TWO DECADES ON, WE ONCE MORE
find ourselves in dark times. As Covid grips the world, forcing millions into lockdown and mercilessly robbing so many of loved ones, while denying so many the sweet relief of communal experience (including, of course, cinema), Gandalf’s words ring truer than ever.
Neither The Lord Of The Rings nor Harry Potter have lost their spectacular and poignant resonance, whether nostalgically revisited (again and again) by those who once sought cinematic solace in late 2001, or freshly discovered by new generations — many of them children of those original viewers, who are eager to share Hogwarts and Hobbiton with their offspring as soon as they’re old enough to handle all those “fantasy horror” moments. Both series have become truly pan-generational cultural events, un-dated by modern trends and outmoded fashions (well, aside from the Muggle stuff in Potter, but that is tastefully muted).

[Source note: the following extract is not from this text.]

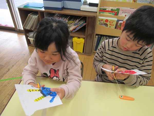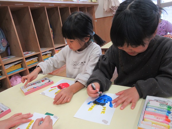 クレヨンを使って、自分の好きなように鬼の顔や角の模様を描きました。

It speaks volumes that, when cinemas tentatively re-opened after the UK started to emerge from the first lockdown in July 2020, Fellowship’s Extended Edition appeared at number five in the UK box-office chart. Warner Bros. (which acquired New Line, and The Lord Of The Rings with it, in 2008) might have needed back-catalogue material to fill the hole left by delayed releases like Tenet and Wonder Woman 1984, but the demand was strong. Potter returned, too, with Vue Cinemas running a marathon rerelease of the entire series in October; “The Harry Potter films are some of our most-requested,” noted the chain’s head of screen content.
Bolstered by impressive home entertainment releases (Rings’ awesome Extended Editions remain the gold standard), and spawning multitudinous memes — from “One does not simply walk into…” to that awkward Draco/ Voldemort hug — Potter and Rings have never left us. They are always there, primed to bring comfort. In conversations with friends. In knowing references on TV shows and in movies. In video games, board games and LEGO sets. As discs on front-room shelves, their sleeves scuffed and battered from being repeatedly reached for. They continue to transport us away from the troubles of the real world, but they also speak to our reality in a way that feels personal to each and every one of us. They are, in a word, magic.